Data excerpt:
= = = = =
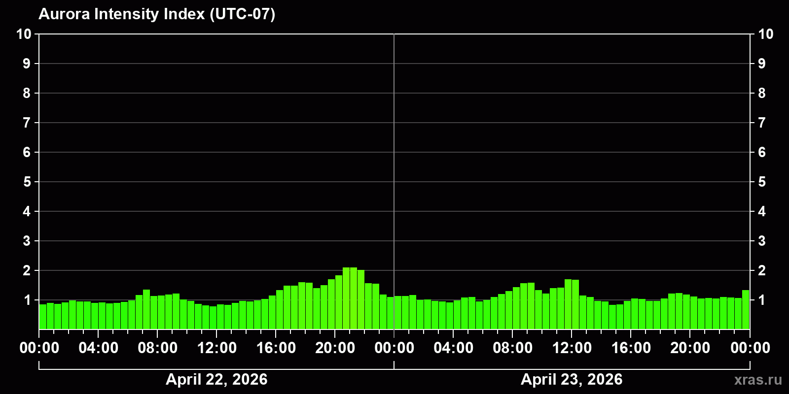 Changes in the auroral intensity index from 2026-04-22 to 2026-04-23 local time
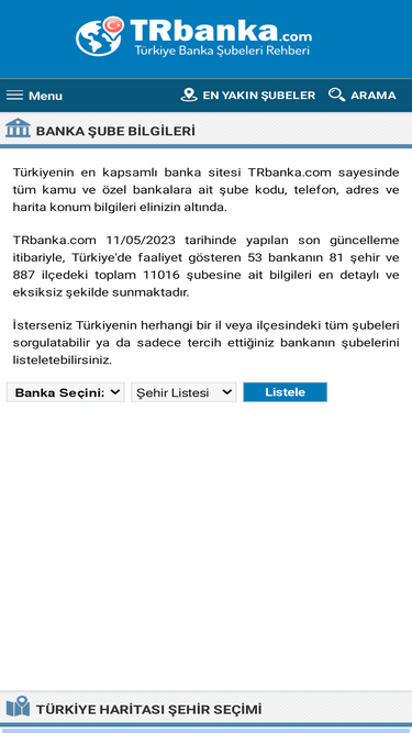 türkiye'de faaliyet gösteren 53 bankanın 11149 şubesine ait telefon ve faks numaraları, şube kodları, adres ve haritalı ulaşım bilgileri elinizin altında.
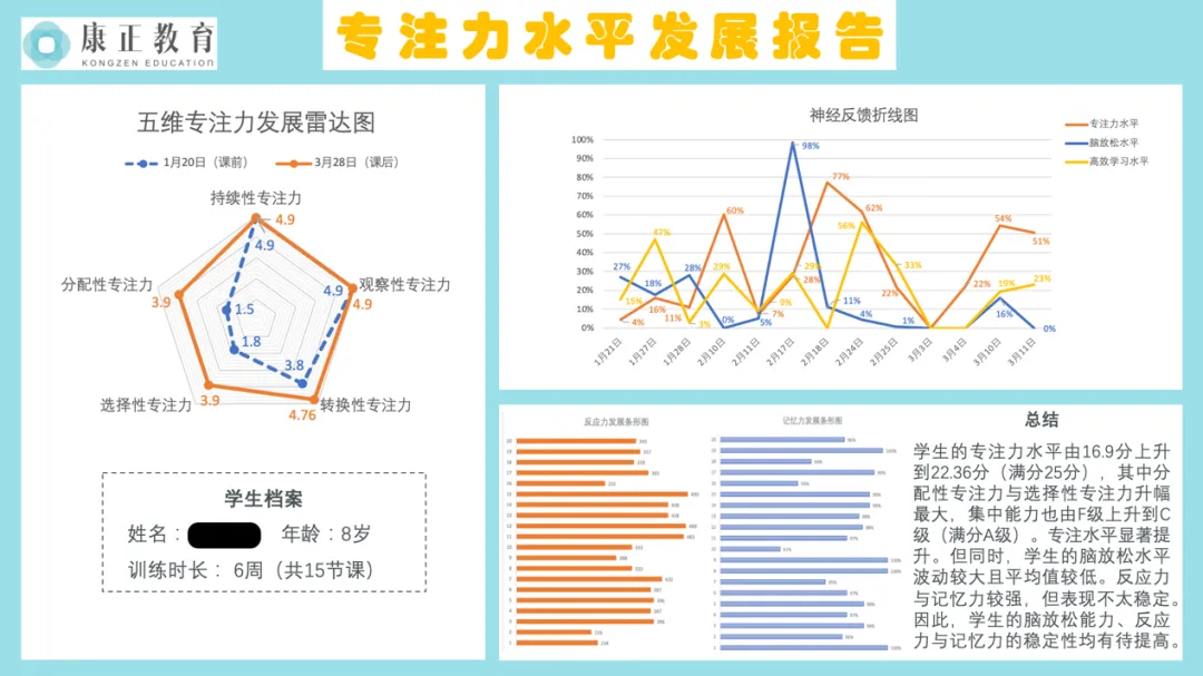 康正教育结合BrainCo头环,采用生物电反馈技术,实时检测孩子的专注力,并将其转换为具体分数,帮助老师、家长更直观得了解孩子的专注程度。筛查孩子专注力的薄弱维度,有针对性地设置训练方案,精准提升短板。
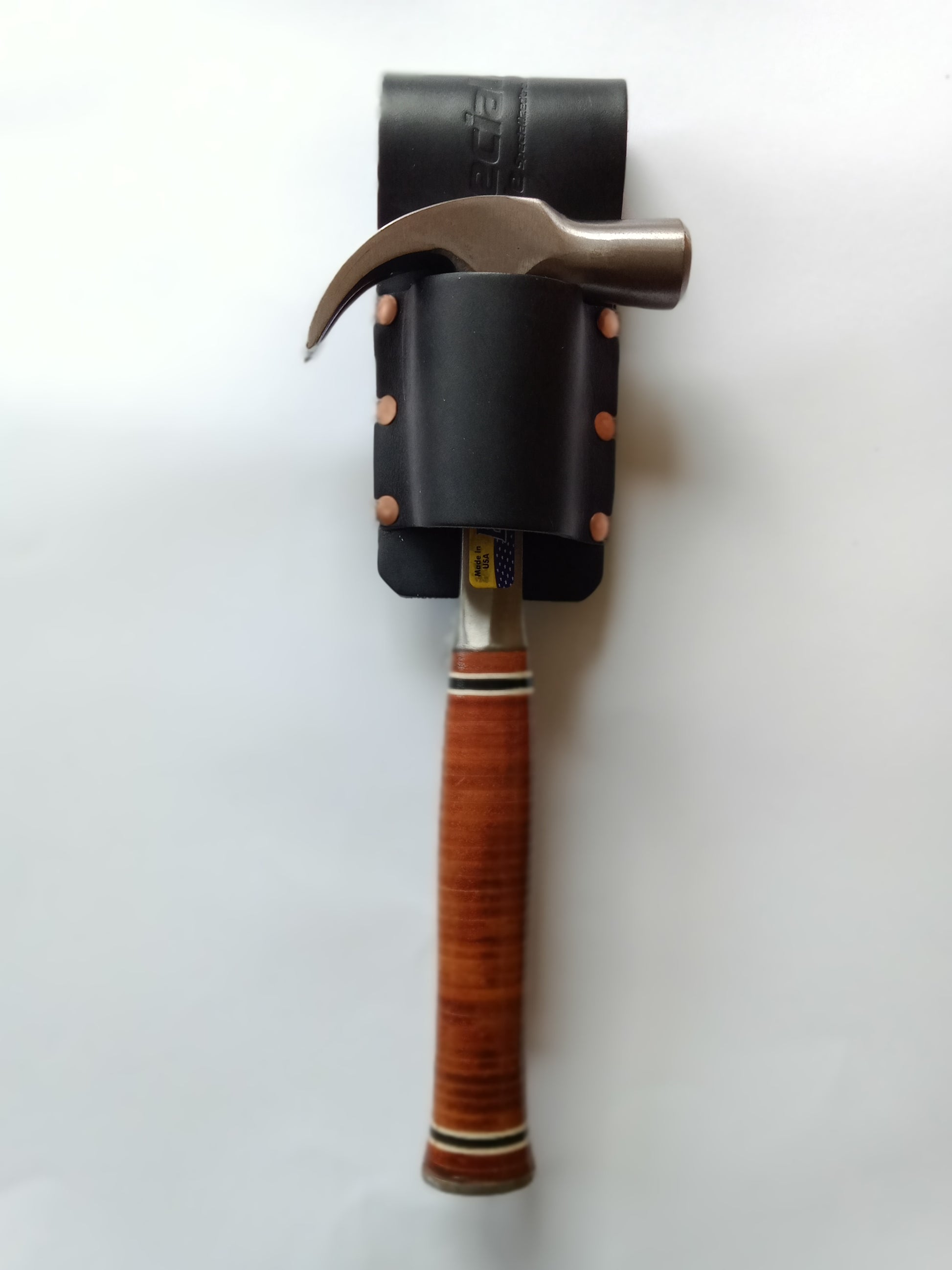 Our Awesome Straight Leather Hammer Holster has a classic style lengthened Neck area for comfort and classic durability. The Handle insert size is 45mm x 37mm; with an 80mm length of leather down the front for ultra stability. Our Copper series is made to last. Made of thick durable leather and hand hammered in copper rivets. Made by hand in our Australian workshop.
= = = = =
Go from the first line of the listing to the line holding "康正教育结合BrainCo头" and, please, transcribe those lines exactly, both included, with no pictures.

 Changes in the auroral intensity index from 2026-04-22 to 2026-04-23 local time
 türkiye'de faaliyet gösteren 53 bankanın 11149 şubesine ait telefon ve faks numaraları, şube kodları, adres ve haritalı ulaşım bilgileri elinizin altında.
 康正教育结合BrainCo头环,采用生物电反馈技术,实时检测孩子的专注力,并将其转换为具体分数,帮助老师、家长更直观得了解孩子的专注程度。筛查孩子专注力的薄弱维度,有针对性地设置训练方案,精准提升短板。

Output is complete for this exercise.